This film isn’t an animation but an art film, where, inspired by the work of Martyn Bennett, I worked carefully to mix and finesse the sound archives to the point of creating something new. I had funding from the National Geographic All Roads Film Fund, which existed to encourage film-making in indigenous cultures, and went into the archives without any preconception about where I would end up. Faodail means, roughly, “found thing”.
This film was broadcast on BBC ALBA in 2014 and, along with Tha thu air Aigeann m’ Inntinn, shortlisted for inclusion in the collection of the prestigous Stedelijk Museum in Amsterdam.
Dipping in and out of Gaelic and Scots stories, songs, recollections and invocations, Faodail mixes these intimate, shared moments preserved in time. Shifting narratives hint at personal and cultural loss, but with a persuasive power which will never fade. The sound is drawn entirely from the archives of the School of Scottish Studies, Alan Lomax, and Canna, and the images are reworked from Werner Kissling’s Eriskay: A Poem of Remote Lives, filmed in 1934.

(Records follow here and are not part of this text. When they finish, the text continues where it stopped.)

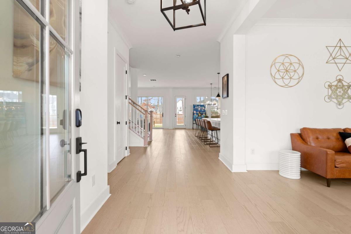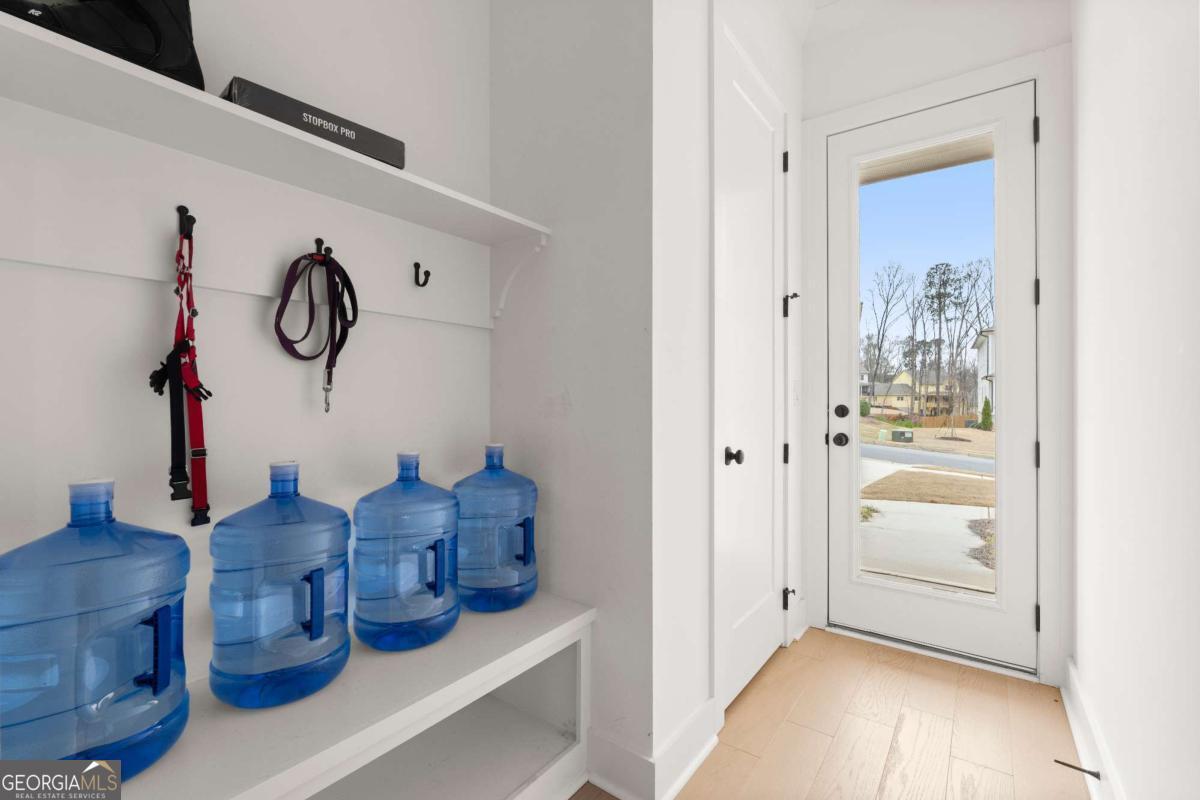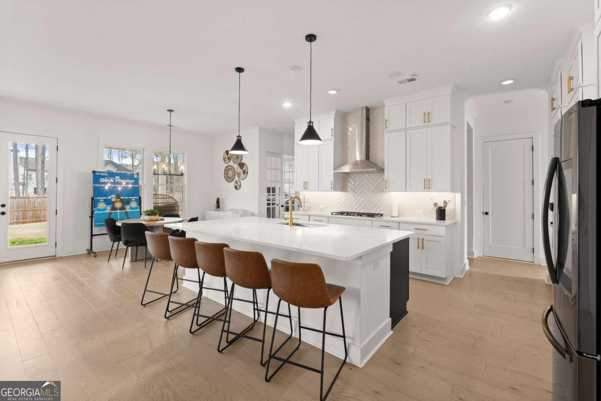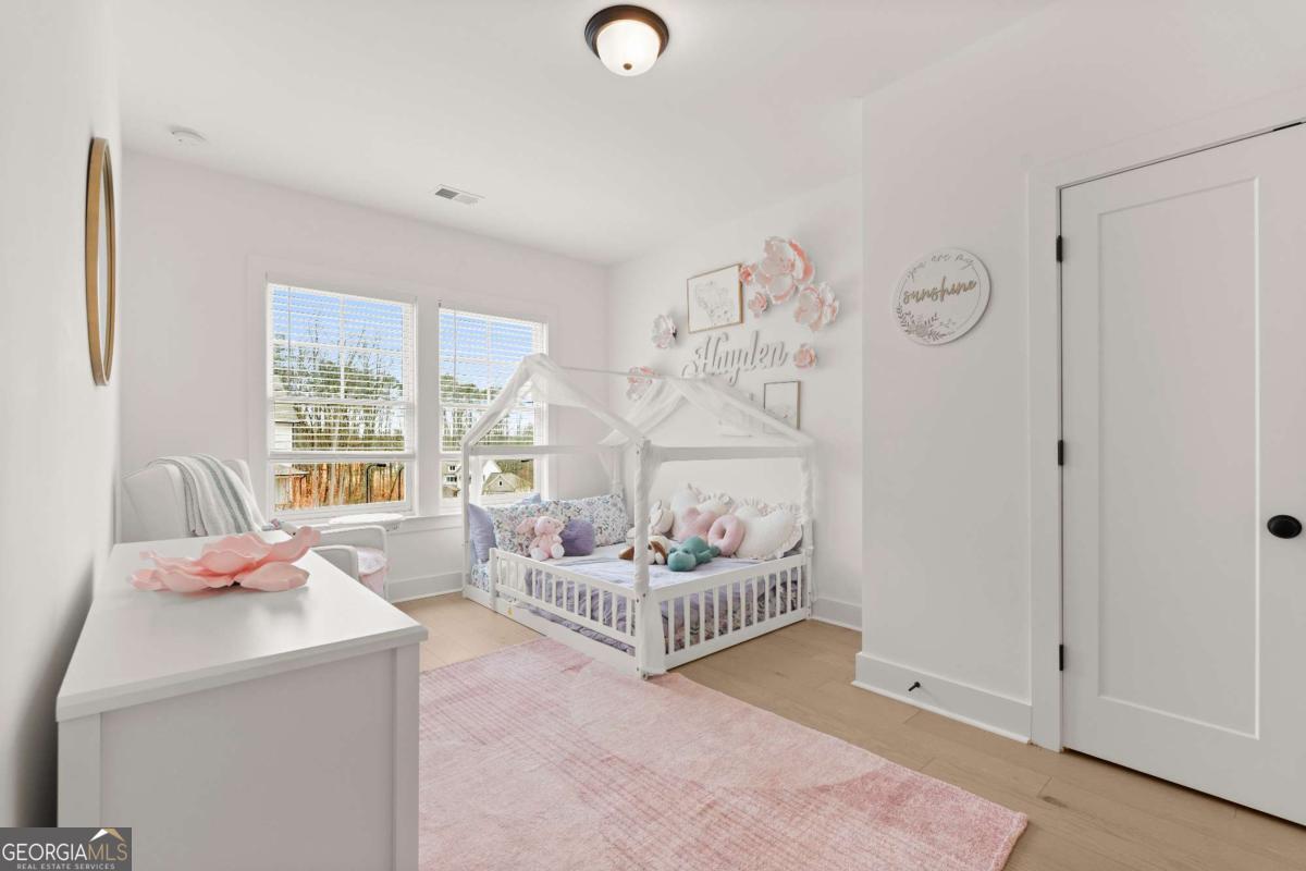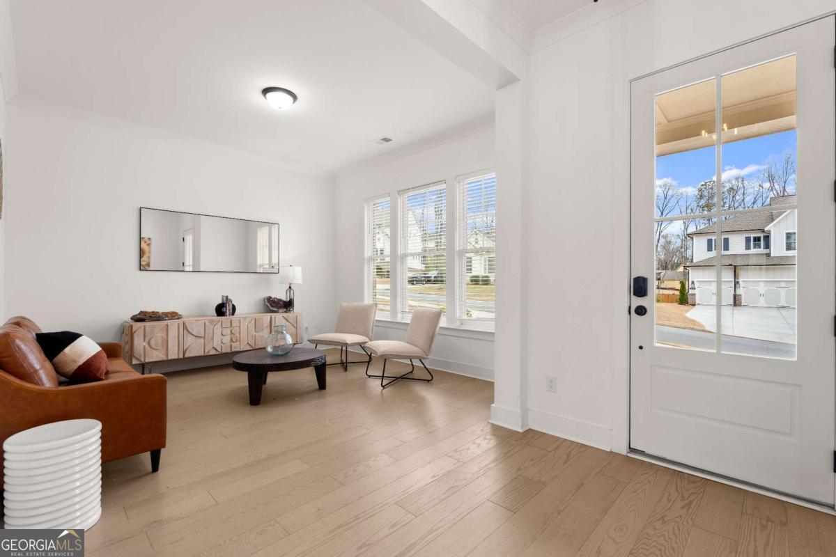 Welcome home to this beautifully appointed 5-bedroom, 4.5-bath residence in an active swim and tennis community, ideally situated in a prime location with a fully fenced backyard and wooded backdrop for added privacy. Charming curb appeal with a brick front exterior, covered front porch, and two-car garage. Inside, the foyer greets you natural-toned hardwood floors that flow seamlessly into a versatile formal living room, perfect as a formal dining room, home office, or flex space. The heart of the home opens into a spacious family and dining area, designed for both everyday living and effortless entertaining. The stunning eat-in kitchen features a large island, elegant herringbone backsplash, double oven, under-cabinet lighting, and a unique galley-style pass-through butler's pantry ideal for storing small appliances and keeping countertops clutter-free while preparing meals or hosting gatherings. Additional main-level highlights include a built-in workspace, mudroom with garage access, and convenient side exit. A bedroom and full bathroom, along with a separate half bath, provide an ideal setup for guests or multi-generational living. Upstairs, a bonus flex space offers endless possibilities for a game room, playroom, media room, or additional living area. The primary suite is a luxurious retreat featuring vaulted ceilings, a double vanity, spacious walk-in closet, and an oversized walk-in shower with dual shower-heads, including a rainfall feature. An additional en-suite bedroom, two more secondary bedrooms, another full bath, and a laundry room with built-in folding counter complete the upper level. Step outside to enjoy the sprawling covered patio and expansive fenced backyard with a peaceful wooded backdrop. Ideally located directly across from the community amenities, you can easily spend afternoons poolside or enjoying the neighborhood offerings, including a pool, tennis courts, pickleball, playground, and more. Conveniently located near Kennesaw State University, Town Center at Cobb, parks, schools, shopping, dining, and year-round entertainment. With nearby highway access for an easy commute, this home offers the perfect blend of comfort, convenience, and lifestyle.
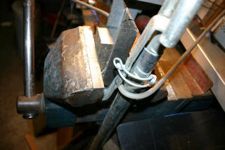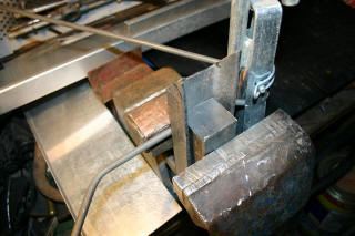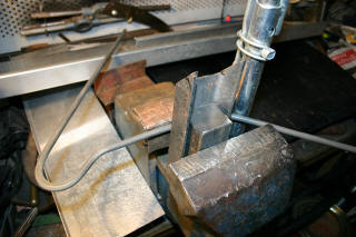 Le fil de 8mm de diamètre a été formé à l'étau pour créer un large pied pour la stabilité de l'instrument. Voir les photos.
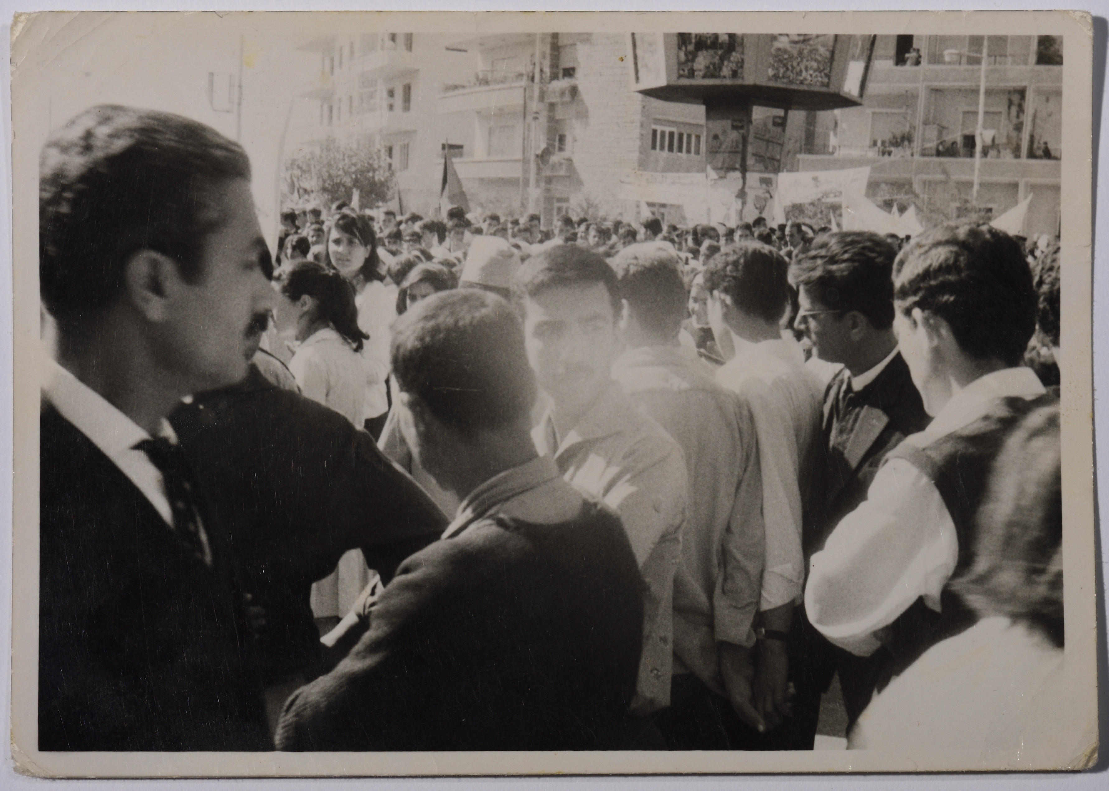 Taken in the late 1950s in Damascus, this black-and-white photograph features a protest against Baghdad Pact.
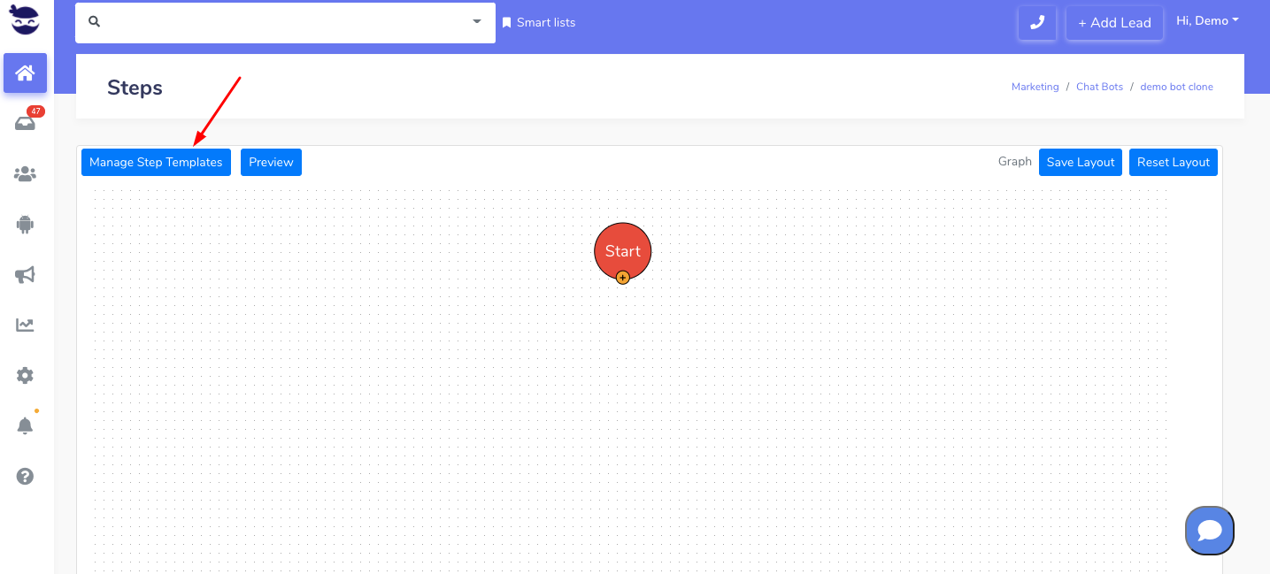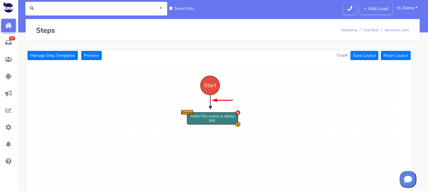 - If a step is deleted, the steps linked to it will remain in the graph. You can either link them to any step in the layout or delete them.

I spent months in the Edinburgh-based archive (which contains 10,000 field recordings made over a 60 year period), allowing the material to lead me As time passed, I found myself drawn to the notion of partial memories, fragments, half-remembered things, not quite dead and gone, but dormant and capable of regrowth. As I explored this conundrum of cultural loss and rediscovery, scientists grew a flower from cells 30,000 years old. If these glimpses of a rich Gaelic life can be preserved in the archives, I wondered, is the culture safe from extinction?
I was also mesmerised by recordings of women enjoying each other’s company at work and play, and placed this powerful female camaraderie at the centre of the film.